Outra questão bastante evidenciada na literatura diz respeito ao fato de que o envelhecimento é um fenômeno mais feminino do que masculino. As

estatísticas indicam a existência de uma proporção maior de mulheres idosas do que

de homens, quando se considera a população total de cada sexo. Segundo

Camarano(2004), considerando a população idosa como um todo, observa-se que

55% dela são formados por mulheres. E ao desagregar os grupos de idades a diferença entre essas proporções aumenta, principalmente entre os mais idosos. A proporção do contingente feminino é mais expressiva quanto mais idoso for o segmento. Isso leva à constatação de que “o mundo dos muito idosos é um mundo das mulheres” Goldani (1999).

Sob o ponto de vista sociológico, a feminização da velhice coincide com mudanças observadas nas normas etárias e de gênero que regulam os comportamentos e as expectativas de comportamento dos idosos. As características dessas mudanças variam de acordo com o pertencimento dos idosos aos diferentes segmentos sociais. Scott (2006) retrata uma dessas mudanças sob o ponto de vista de homens e mulheres de camadas populares.

Segundo este autor o crescimento das associações de idosos impressiona pela presença maciça feminina e a limitada participação de homens. Ao refletir sobre isso, este autor analisa as mudanças ocorridas na relação com as esferas públicas e privadas entre homens e mulheres idosos. Retomando as discussões de Freyre e Damatta, sobre a casa e a rua, Scott (2006), destaca uma inversão das relações de gênero, empiricamente observáveis, com aquelas esferas da vida social. Segundo ele a inversão se dá na medida em que os homens idosos

favorecem o trocar a rua pela casa e as mulheres a casa pela rua. De acordo com Scott (2006), os homens idosos, com renda garantida, ainda que minúscula, podem voltar mais atenção à casa como espaço de recomposição da sua valorização enquanto pessoa. É na casa onde ele pode encontrar alguma forma de ressignificar a vida, tendo em vista, que as mudanças no campo do trabalho se transformam para os homens, com o avanço da idade, em dificuldades e desvalorização. As mulheres, por outro lado, tem encontrado entre familiares e na vizinhança, um meio social mais propício para suas vivências quando comparadas aos homens. Incentivadas pela diminuição da valorização negativa da presença feminina fora de casa, as mulheres não ficam mais confinadas em suas casas, os espaços públicos são valorizados pelas mulheres como manifestação de sua autonomia.

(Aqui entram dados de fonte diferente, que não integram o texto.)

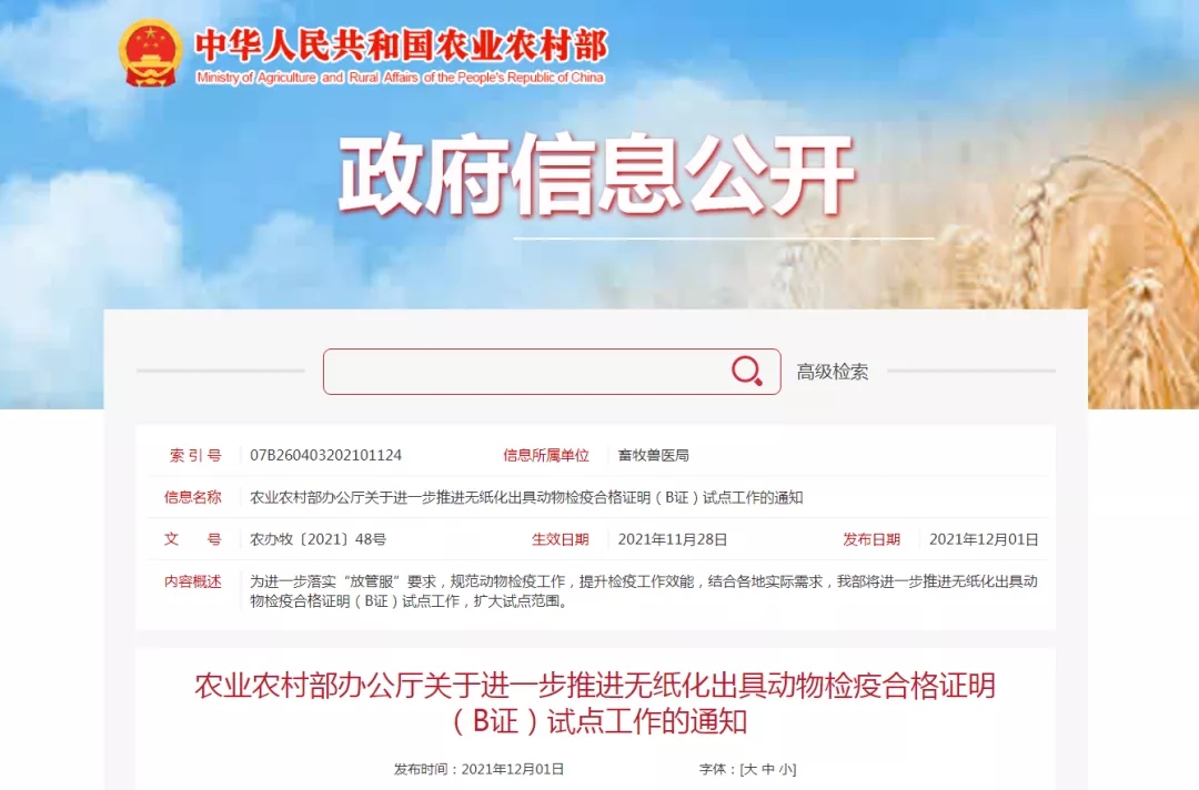 農業農村部關于進一步推進無紙化出具動物檢疫合格證明(B證)試點工作的通知
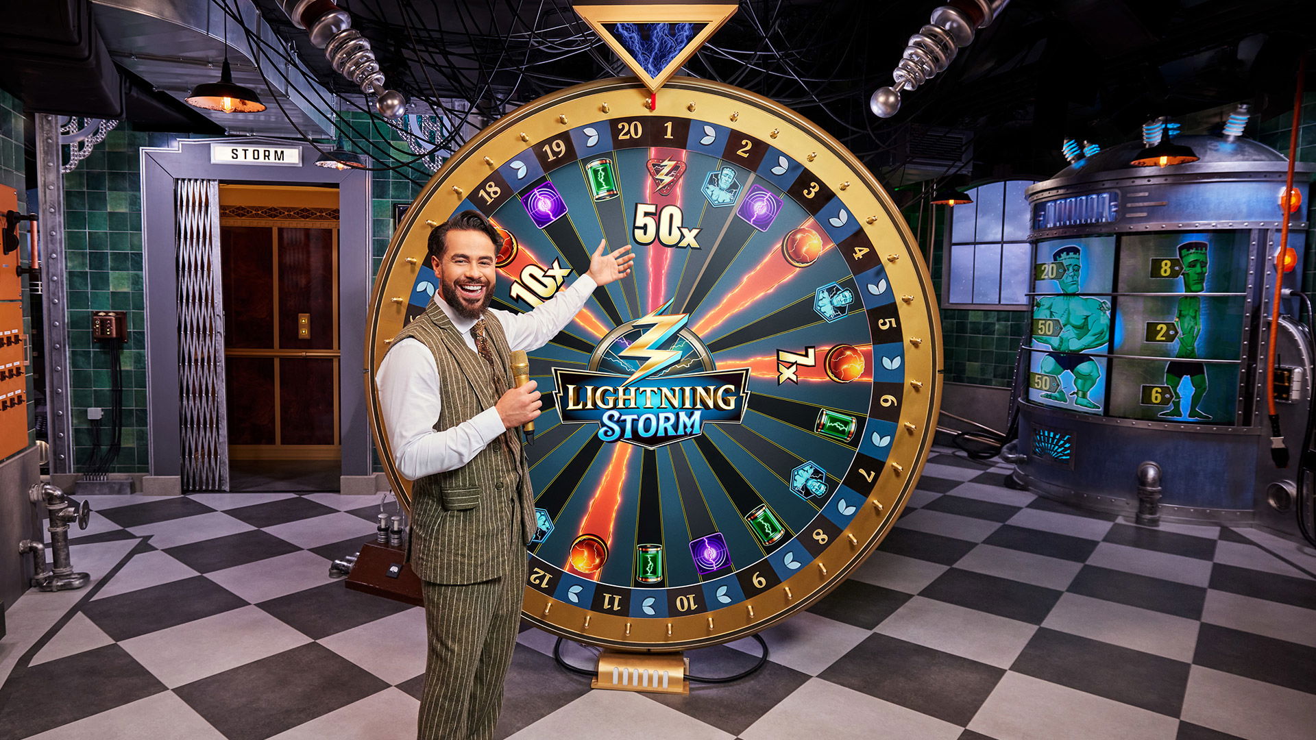 Lightning Storm is Evolution’s newest title, and it comes from the Lightning family of games. Set in a dark, mad scientist laboratory-style studio, the live game show features a money wheel with DigiWheel patented technology. The action starts when a player places a bet, and the game host spins the 39-segment DigiWheel.

As diferenças de gênero na velhice também surgem na forma de

intervenção diferenciada nos corpos femininos e masculinos. Segundo Barros

(2004), é sobre o corpo feminino que as intervenções são mais acentuadas. Entre os

idosos são as mulheres que investem mais rigorosamente em cuidados médicos e estéticos. O cuidado e a intervenção no corpo feminino se iniciam muito cedo na trajetória de vida das mulheres e alcançam a velhice através de inúmeros recursos de controle do declínio do corpo. A flacidez, as rugas, a perda da coloração dos cabelos, a redução da libido, da mobilidade, entre outros sintomas foram apontados pelas mulheres como sinais da velhice do corpo. Tais sintomas podem ser, no entanto, segundo elas, controlados, retardados ou mascarados, com uso de tratamentos médicos, nutricionais, estéticos, fisioterápicos, entre outros, frequentemente citados em seus relatos e presentes no cotidiano das atividades de algumas das participantes desta pesquisa. Para estas os cuidados com o corpo se justificam não somente por fatores estéticos, para uma boa apresentação da aparência, antes os cuidados com os mínimos sinais corporais da velhice para algumas das mulheres participantes representam aspectos comprometedores de seus projetos de vida, como o de arranjar um novo companheiro.